Çok uzun zaman önce inşa edilen ve beraberinde doğal olarak türlü türlü dedikoduları çıkartan The Angel Hotel, Londra maceramızın en tuhaf deneyimlerindendi. Anlatıldığına göre hotel, tam 500 yıllık bir geçmişe sahip. Ayrıca çok ünlü isimleri misafir etmiş. Bu isimler arasında Charles Dickens, Oliver Cromwell, Lord Nelson, Lady Hamilton ve daha fazlası yer alıyor.

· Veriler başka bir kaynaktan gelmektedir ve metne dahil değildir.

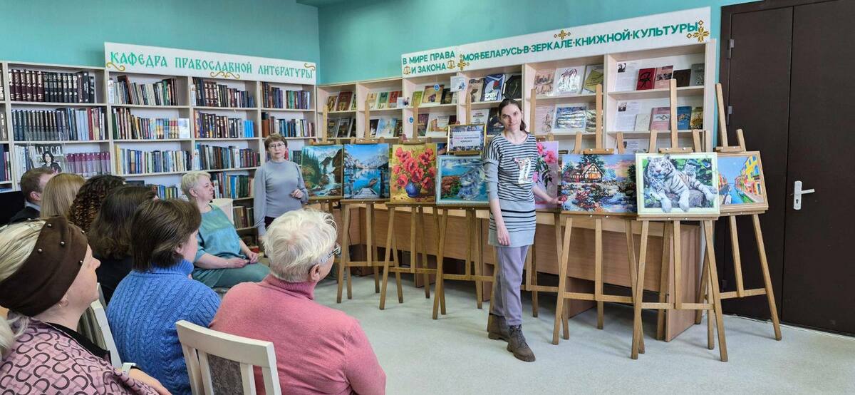 В преддверии Дня женщин 5 марта в центральной районной библиотеке имени М.Богдановича прошла презентация арт-выставки "Магия алмазной крошки".Работы представленные на выставке выполнены посетителями отделения социальной реабилитации, абилитации инвалидов, обеспечения дневного пребывания для граждан пожилого возраста. Картины, созданные без иголки, а при помощи выкладывания изображения на широком холсте специальными акриловыми стразами, имеют потрясающий внешний вид. Сюжеты, использованные при изготовлении картин, разнообразны по темам. Готовые картины получаются объемными, переливаются на свету.
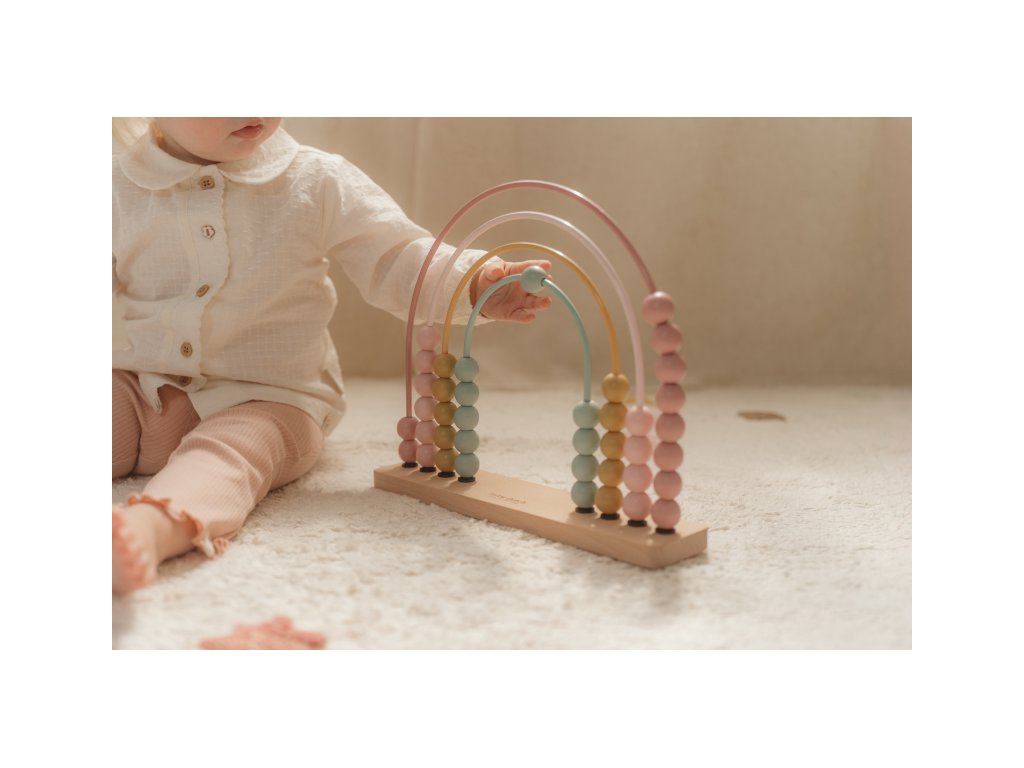 Počítání bude ještě zábavnější díky počitadlu ve tvaru duhy! Děti milují posouvání korálků tam a zpět. A když jsou trochu starší, mohou si s pomocí počítadla procvičovat barvy i počítání. Hračka pomáhá rozvíjet jemnou motoriku dítěte. Počítadlo je součástí designové kolekce hraček Little Dutch Fairy Garden inspirované životem na zahradě. Vyrobeno z dřeva certifikovaného FSC. Rozměry: 6 x 27,6 x 21,3 cm Vhodné pro děti od 12 měsíců.Doplňkové parametry

Angel Hotel gibi lanetli olduğuna ve hayaletlerin cirit attığına inanılan diğer bir hotel ise Royal. Angel’a geri dönecek olursak hotel, birtakım Pershore binaları gibi eski gemi kerestelerinin yardımıyla inşa edilmiş. Hotel, o kadar eski ki devletin izni olmadan bakımı yapılamıyor. Hatta hotele girdiğinizde gemi kerestelerini açık bir şekilde belli noktalarda görebiliyorsunuz. Hotel’in hemen girişinde çok şirin Bill’s isimli bir restoran mevcut. Odanızdan çıkıp, efsane krep kokusuna kendinizi teslim etmeniz muhtemel.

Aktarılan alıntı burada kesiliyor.